Fully Connected Neural Network

We will explore the fascinating field of deep learning in this blog post. The primary neural network configuration we use today, feed-forward networks, will be the subject of our attention today. 

We will investigate the key ideas and theories that have shaped the deep learning field. In the upcoming posts, we’ll talk about the initial models and the concepts that underlie them while also introducing some theory and some implementation in Python. 

The Universal Function Approximation, which will show how neural networks can approximate any kind of function, is an important block that we will cover. The softmax function and a few activations will also be covered.

We sincerely hope that reading this blog post will help you learn more about the fascinating field of deep learning. Watch this space for more posts on this fascinating subject!

Perceptron

Perceptron is a fundamental building block of neural networks that are designed to mimic the functioning of the human brain. The perceptron is a single-layer neural network that is used to classify input data into two classes. It receives input from various sources, computes the weighted sum of inputs and passes it through an activation function to generate the output. Perceptron can model linear decision boundaries, meaning it can only solve linearly separable problems.

Rosenblatt’s Perceptron

As a result, it is constrained in how well it can handle issues like the logical exclusive OR (XOR).  In the XOR problem, one class is represented by the top left and bottom right, while the other class is represented by the bottom left and top right. The logical XOR function served as inspiration for this. These two point clouds cannot be separated by a single linear decision boundary when they are visualized.

Sample of XOR problem

If the XOR problem cannot be solved, it implies that we lack the ability to describe the entire logic, which in turn means that achieving strong AI is not possible.

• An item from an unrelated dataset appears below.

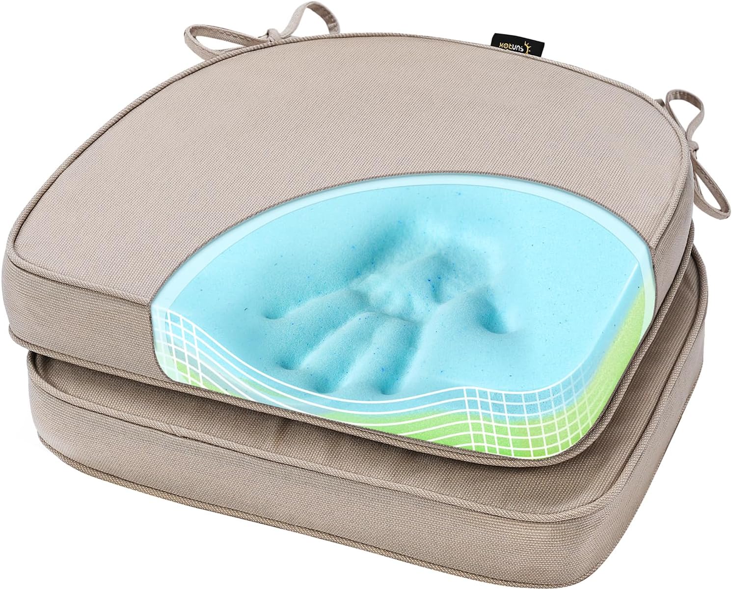 SUNROX Gel Memory Foam Chair Cushions, FadeShield Water-, Stain-Resistant Durable Reversible Seat Cushion Pads with Ties for Indoor/Outdoor Kitchen Dining Office, 19"x19", Set of 2, Husk Birch
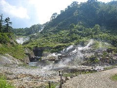 八幡平、「ふけの湯」 (至る所から噴煙が上がっています) |

This led to a period when funding for artificial intelligence research was drastically reduced, and researchers were unable to secure new grants to support their work. This period is commonly referred to as the “AI Winter.”

Multi-Layer Perceptron

The introduction of the multi-layer perceptron marked a significant shift in the field of artificial neural networks. Rather than using a single neuron, the multi-layer perceptron employs multiple neurons arranged in layers. As shown in the simple diagram, the structure is similar to that of a perceptron, with inputs and weights. However, the difference lies in the multiple sums that go through non-linear functions, with the weights assigned and summarized again to go into another non-linearity.

Multi-Layer Perceptron

The ability to use multiple neurons in a multi-layer perceptron is highly intriguing since it enables the modeling of nonlinear decision boundaries. The neurons are arranged in hidden layers, meaning that they are not directly observing the input. Instead, they assign weights, perform computations, and only at the output layer, the results become visible. The weights that exist in the hidden layers are not directly observable, and their effects can only be seen when inputs are entered, and the activations are computed. At the output layer, we can observe the system’s behavior and understand what is happening. Therefore, the input layer, hidden layers, and output layer are critical components of the multi-layer perceptron.

Multi-Layer Perceptron

Universal Function Approximator

A universal function approximator is a type of neural network that has the ability to approximate any kind of mathematical function. This is achieved through the use of multiple layers of neurons and weights, with non-linear activation functions applied at each layer. By adjusting the weights of the neural network, it is possible to fit the function to the given dataset with high accuracy. This concept is fundamental to the field of deep learning and has led to a paradigm shift in machine learning. Universal function approximators enable the modeling of complex relationships in data and have found applications in a wide range of domains, including computer vision, natural language processing, and robotics.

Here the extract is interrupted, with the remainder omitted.